I have been messing around with Google Lens and it is supposed to identify a bunch of stuff just by a photo or using the camera and point it at something. One of the things it is supposed to identify is plants. It works pretty well for house plants and outside plantings.

So I dig up some pictures of my lawn from last year and have some close-ups of blades of grass (in the lawn itself, not pulled out). I'm not saying Google Lens is right, but on a picture of what I thought was Crabgrass it says is Dallisgrass. And every single picture of turf grass it tells me is Buffalo Grass (it suggested Perrenial Rye Grass as a second option).

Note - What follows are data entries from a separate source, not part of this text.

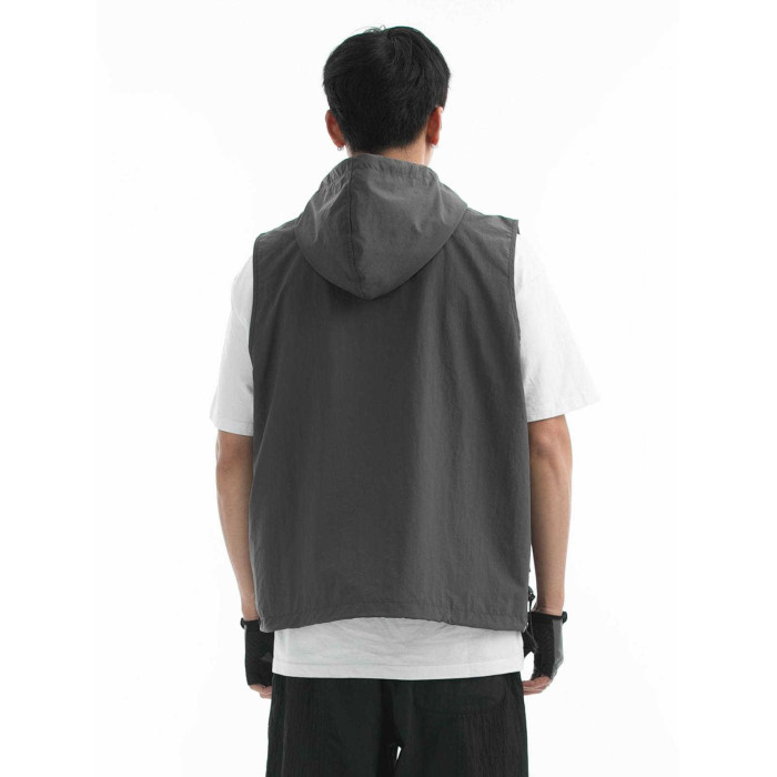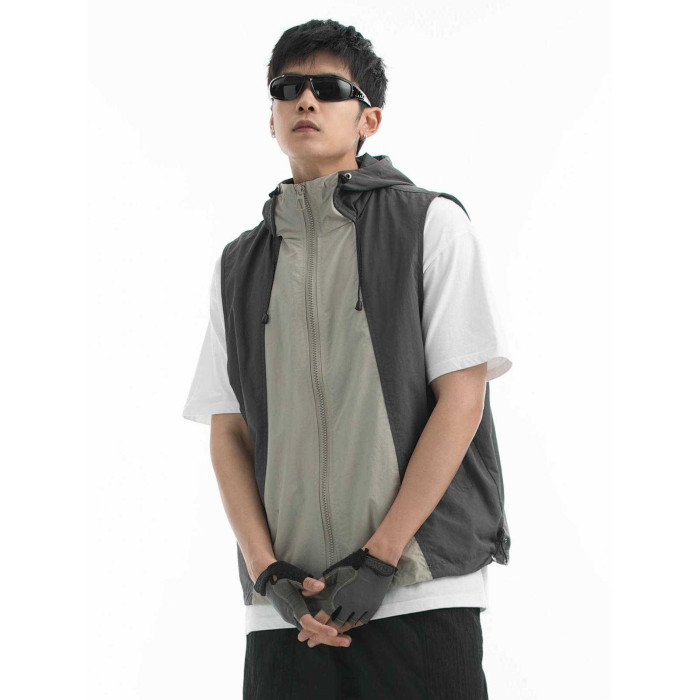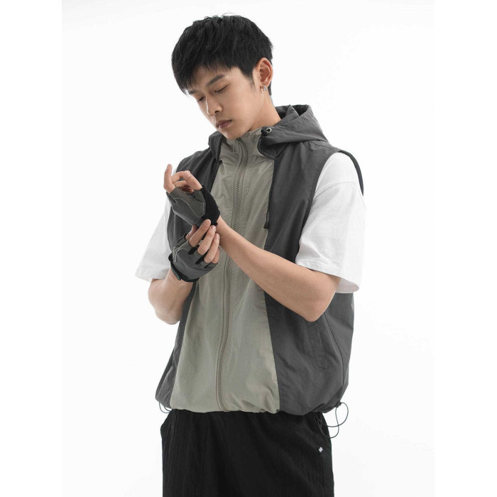 NotBrand機能風撞色拼接連帽馬甲男春裝戶外騎行運動寬松無袖外套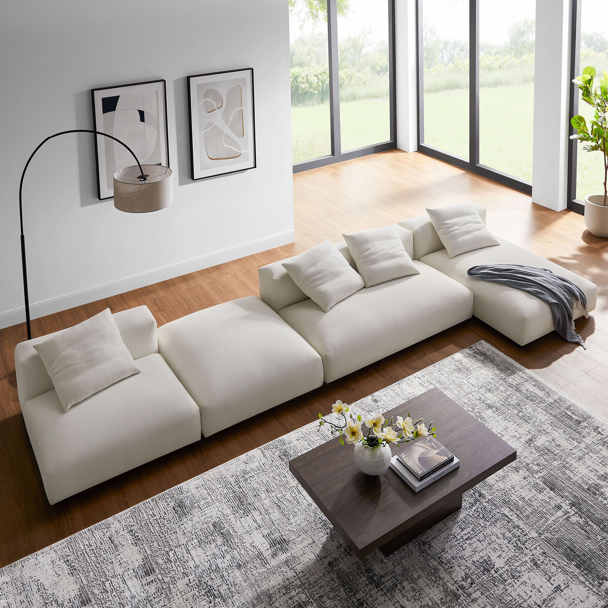 Solace 4-Piece Modular Upholstered Fabric Sectional Sofa With Ottoman in Linen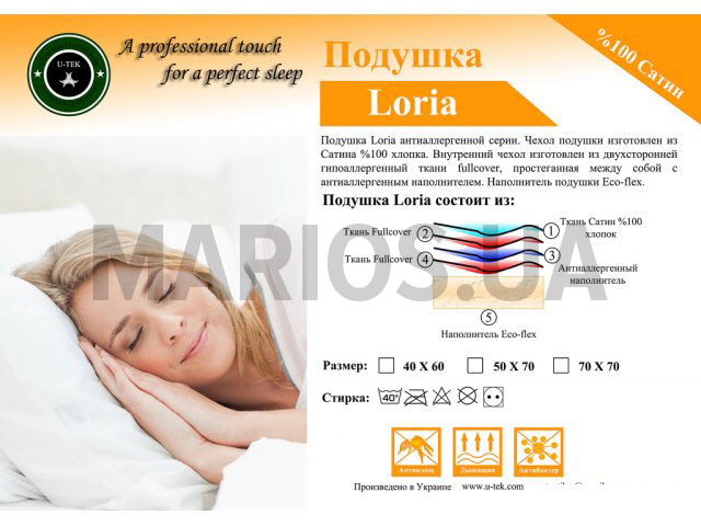 70.00см x 50.00см x 0.00см Вес0.00кгХарактеристики наматрасника / подматрасника / топпера Материал, состав100% хлопок, наполнитель eco flexОсновной цветбелый Подушка Loria 50х70</strong> – натуральная и антиллергенная, выполнена из качественного сатина % 100 хлопок. Особенност подушки состоит в том что модель имеет внутренний чехол который изготовлен из двухсторонней гипоаллергенной ткани "fullcover ". Подушка простегана и имеет антиаллергенный наполнитель Eco-Flex . Стежка придает форму подушке и долговечность в эксплуатации. Сама же подушка мягкая и упругая, и благодаря таким свойствам нагрузку во время сна распределяется равномерно, принимая удобную форму. <br />

Now I could be wrong as well, but I looked up Buffalo Grass and it appears to be pretty limited in MN to the southwest part of the state, not a far out NW suburb of the Twin Cities. Well, jeez, I hope it isn't Buffalo Grass. That sounds horrible. Also, I thought Dallisgrass was a southern thing.

I think there are some other apps out there specifically for plants/grass/weeds. Might have to check those out, it seems Google Lens can't be right all the time.


----------



## Spammage (Apr 30, 2017)

Post your pics - you have peaked my curiosity.


----------



## Killsocket (Mar 16, 2018)

A few examples. Screenshots from my phone.


----------



## Spammage (Apr 30, 2017)

Yep, that is apparently not a very useful app/program. The first is definitely not dallisgrass, but some additional pics and seed head pics would help to identify it. The lawn looks like Tall Fescue and could be a mix with PRG and or KBG. It definitely isn't buffalograss.


----------



## ryeguy (Sep 28, 2017)

I don't think it can differentiate at that detailed of a level. Look at the last one - you can tell it chose PRG because the tape measure in your pic matches up with the ridge going down the middle of the PRG pic.


----------